**Activity:** Your reply should consist only of the lines from the one with "侨鑫 2024新款高克重牛奶绒纯色毛毯 深蓝" through the end of the entries, transcribed exactly. Pictures stay out.
╭──
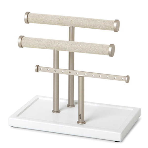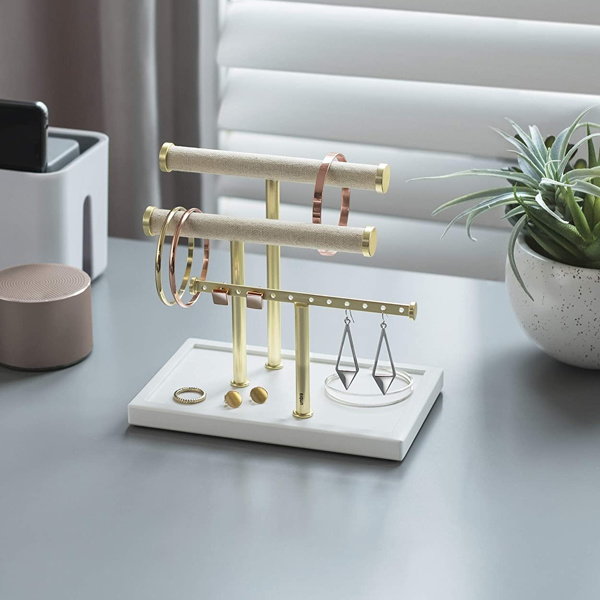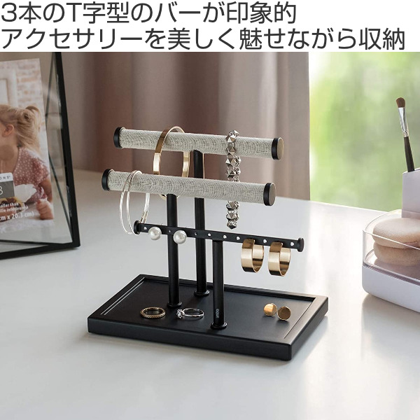 長さが異なる3本のT字型のバーが印象的なブレスレットバーです。ピアス・ブレスレット、時計等を引っ掛けてお店のディスプレイのように飾りながら収納できます。
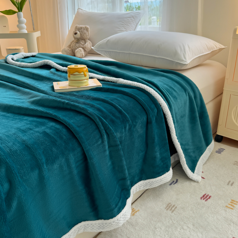 侨鑫 2024新款高克重牛奶绒纯色毛毯 深蓝
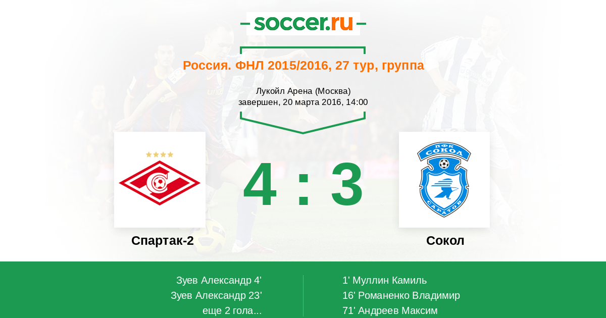 Россия. Первая лига 01.08.2016 Спартак-2 Логотип футбольный клуб Спартак-2 (Москва) 3:2 Логотип футбольный клуб Сокол (Саратов) Сокол
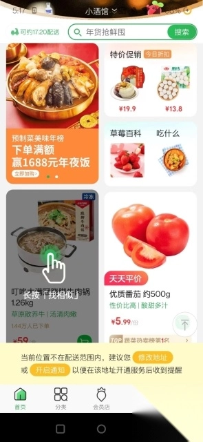 无论您钟情于何种美食,只需提前一天预定,随后便会准时送货上门。倘若您喜爱新鲜蔬菜,这里主要供应新鲜蔬果、蛋肉粮油等各类生活食品,质量严格把控,运输层层把关,全力保障您的食用安全,让您放心购买。同时,还有健康菜谱推荐给您,购买的食材还帮您切洗包装,既便民又安心。有需要的朋友,快来下载吧!
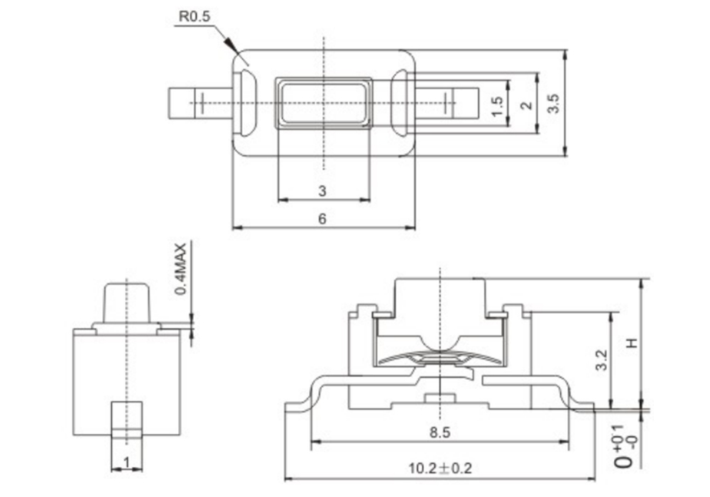 产品规格:6×3.5×H/H=4.3mm/5mm
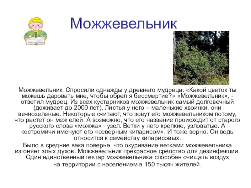 мне, чтобы обрел я бессмертие?» «Можжевельник», - ответил мудрец. Из всех кустарников можжевельник самый долговечный (доживает до 2000 лет). Листья у него – маленькие хвоинки, они вечнозеленые. Некоторые считают, что зовут его можжевельником потому, что растет он меж елей. А возможно, что его название происходит от старого русского слова «можжа» - узел. Ветки у него крепкие, узловатые. А костромичи именуют его «северным кипарисом». И тоже верно. Он ведь относится к семейству кипарисовых.
╰──
**Response below:**
 侨鑫 2024新款高克重牛奶绒纯色毛毯 深蓝
 Россия. Первая лига 01.08.2016 Спартак-2 Логотип футбольный клуб Спартак-2 (Москва) 3:2 Логотип футбольный клуб Сокол (Саратов) Сокол
 无论您钟情于何种美食,只需提前一天预定,随后便会准时送货上门。倘若您喜爱新鲜蔬菜,这里主要供应新鲜蔬果、蛋肉粮油等各类生活食品,质量严格把控,运输层层把关,全力保障您的食用安全,让您放心购买。同时,还有健康菜谱推荐给您,购买的食材还帮您切洗包装,既便民又安心。有需要的朋友,快来下载吧!
 产品规格:6×3.5×H/H=4.3mm/5mm
 мне, чтобы обрел я бессмертие?» «Можжевельник», - ответил мудрец. Из всех кустарников можжевельник самый долговечный (доживает до 2000 лет). Листья у него – маленькие хвоинки, они вечнозеленые. Некоторые считают, что зовут его можжевельником потому, что растет он меж елей. А возможно, что его название происходит от старого русского слова «можжа» - узел. Ветки у него крепкие, узловатые. А костромичи именуют его «северным кипарисом». И тоже верно. Он ведь относится к семейству кипарисовых.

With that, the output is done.